5.5 Substantial Shareholders Shareholdings The Entitled Shareholders will cease to be shareholders of IDEALUBB after the Proposed Internal Reorganisation and will hold Newco Shares instead in proportion to their respective shareholding in IDEALUBB on the Entitlement Date. 6. APPROVALS REQUIRED The Proposed Internal Reorganisation is subject to the following being obtained:- the approval of Bursa Securities for the following:- (a) Proposed Transfer of Listing; and (b) admission, listing of and quotation for the entire enlarged issued and paid-up share capital of Newco on the Official List of Bursa Securities; (iii) (iv) (v) the approval of the shareholders of IDEALUBB and IDEALUBB Warrant holders at an EGM and CCM to be convened; the order of the High Court of Malaya sanctioning the Proposed Internal Reorganisation; the consent approval of the financiers of IDEALUBB, if required; and the approval, consent and/or sanction of any other relevant authorities/parties, if required. 7. INTER-CONDITIONALITY The components of the Proposed Internal Reorganisation are inter-conditional but otherwise are not conditional upon any other corporate proposals of the Company. 8. INTERESTS OF DIRECTORS, MAJOR SHAREHOLDERS AND PERSONS CONNECTED WITH THEM None of the Directors and major shareholders of IDEALUBB, and persons connected with them have any interest, direct or indirect, in the Proposed Internal Reorganisation other than their respective entitlements, if any, under the Proposed Securities Exchange as IDEALUBB s shareholders, which are also available to all the other shareholders of IDEALUBB on a prorata basis. 9. STATEMENT BY DIRECTORS After taking into consideration the rationale, terms, conditions and effects described in this announcement, the Board is of the opinion that the Proposed Internal Reorganisation is in the best interest of IDEALUBB. 10. ADVISER M&A Securities Sdn Bhd has been appointed as the Adviser to IDEALUBB for the Proposed Internal Reorgansition.

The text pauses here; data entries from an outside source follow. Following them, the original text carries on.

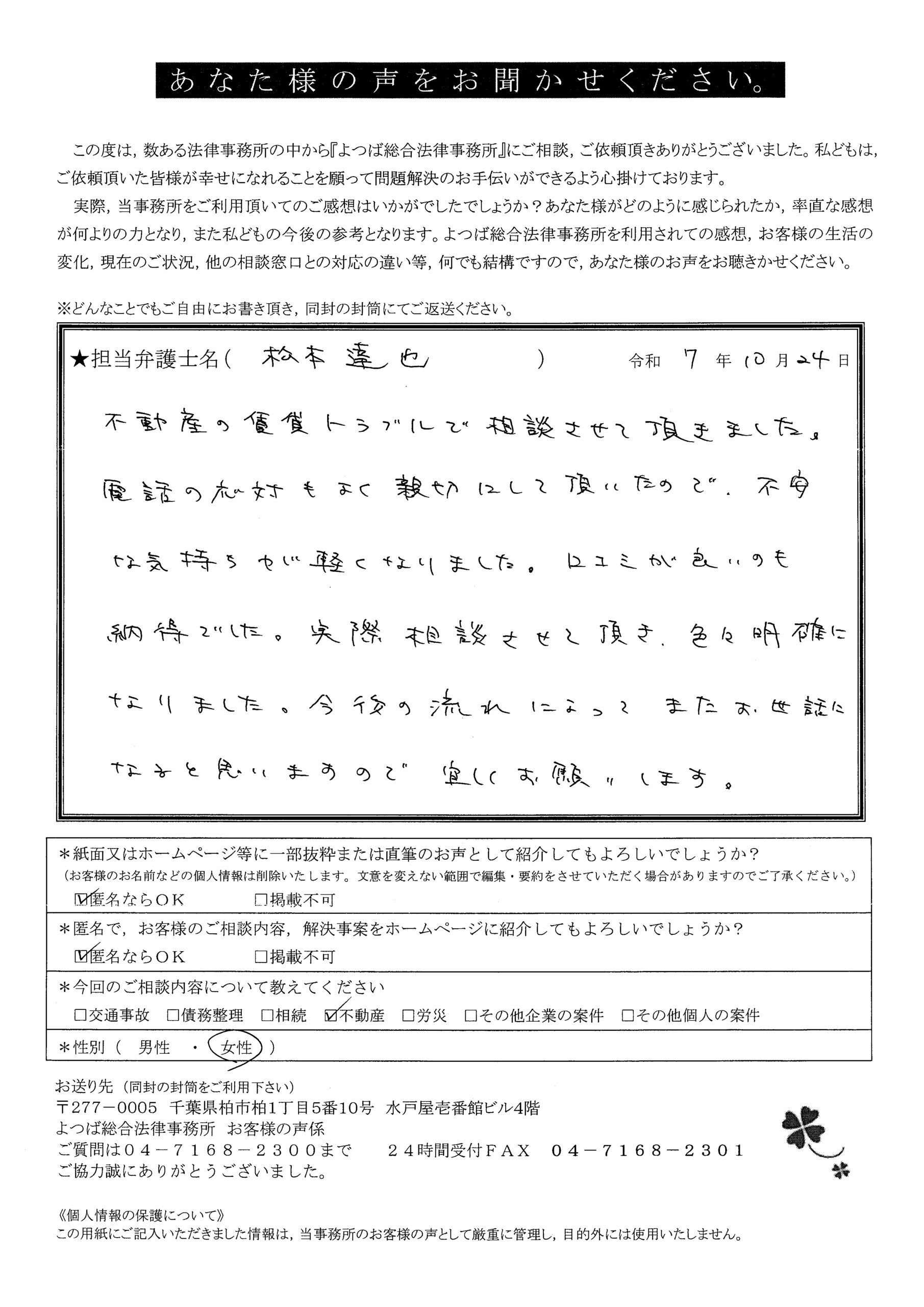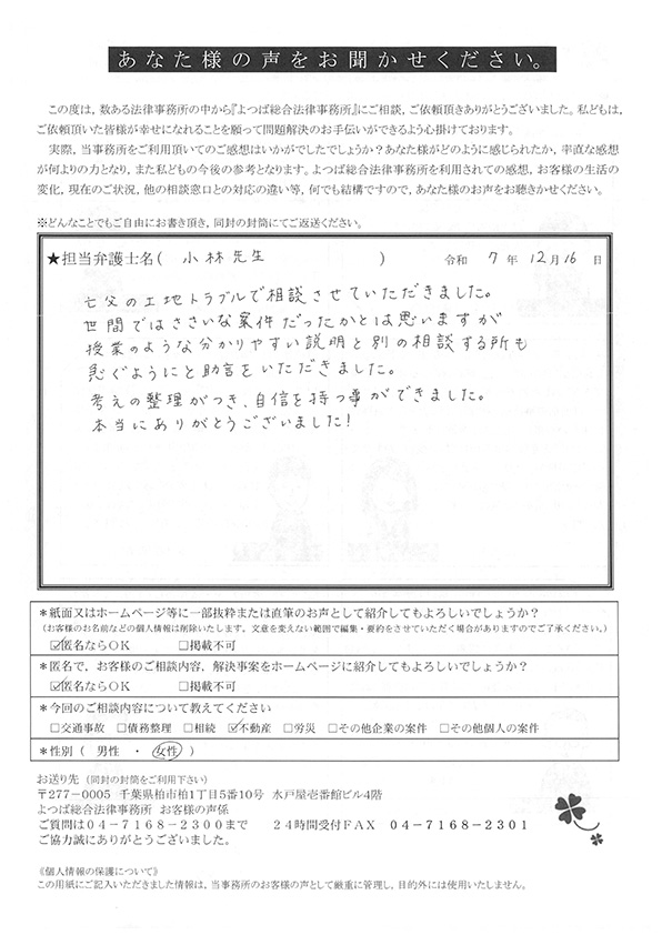 当事務所にて不動産トラブルのご相談にいらっしゃった方々から頂いたアンケートより、直筆のメッセージ・回答を一部ご紹介させていただきます。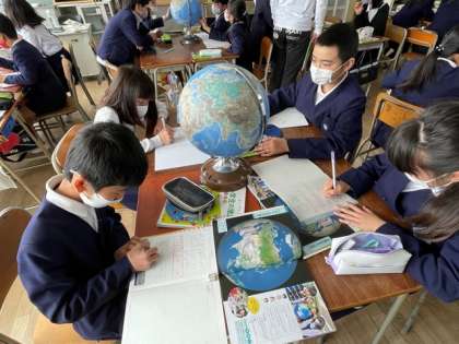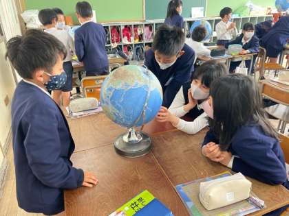 最近はあまり見ることのない地球儀に子どもたちも感動しているようでした。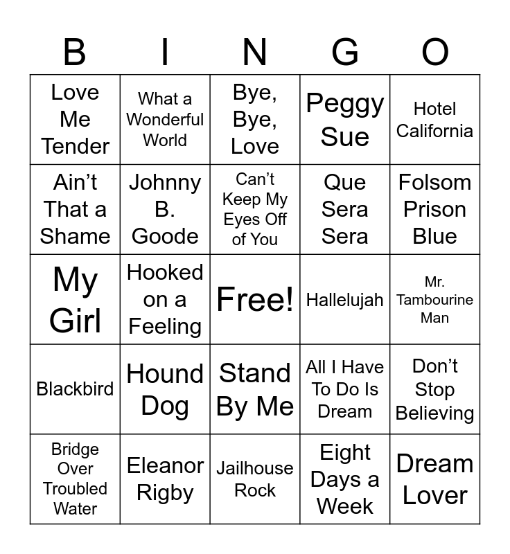 This bingo card has a free space and 26 words: Stand By Me, Eight Days a Week, Can’t Keep My Eyes Off of You, Eleanor Rigby, Hotel California, Love Me Tender, Ain’t That a Shame, What a Wonderful World, Mr. Tambourine Man, All I Have To Do Is Dream, Que Sera Sera, My Girl, Don’t Stop Believing, Bridge Over Troubled Water, Hooked on a Feeling, Imagine, Peggy Sue, Blackbird, Bye, Bye, Love, Dream Lover, Folsom Prison Blue, Jailhouse Rock, Hallelujah, Hound Dog, Johnny B. Goode and I Walk The Line.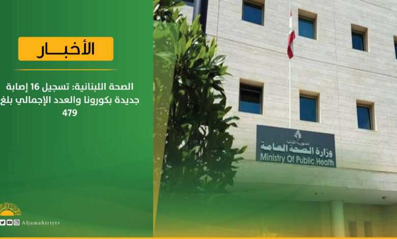 أعلنت وزارة الصحة اللبنانية، الأربعاء، تسجيل 16 إصابة جديدة بفيروس كورونا، مشيرة إلى أن العدد الإجمالي بلغ 479 إصابة.

11. APPLICATION TO THE AUTHORITIES Barring unforeseen circumstances, the application to authorities is targeted to be submitted to Bursa Securities within 2 months from the date of this announcement. 12. ESTIMATED TIME FRAME FOR COMPLETION Barring unforeseen circumstances, the Proposed Internal Reorganisation is expected to be completed in the third quarter of 2017. 13. EGM AND CCM A notice for the EGM and CCM together with an Explanatory Statement/Circular explaining the details of the Proposed Internal Reorganisation will be despatched to the shareholders of IDEALUBB in due course. 14. DOCUMENTS FOR INSPECTION A copy of the Scheme Agreement is available for inspection at the registered office of the Company at Suite A, Level 9, Wawasan Open University, 54, Jalan Sultan Ahmad Shah, 10050 Georgetown, Penang during normal office hours from Mondays to Fridays (except for public holidays) for a period of 3 months from the date of this announcement. This announcement is dated 18 January 2017.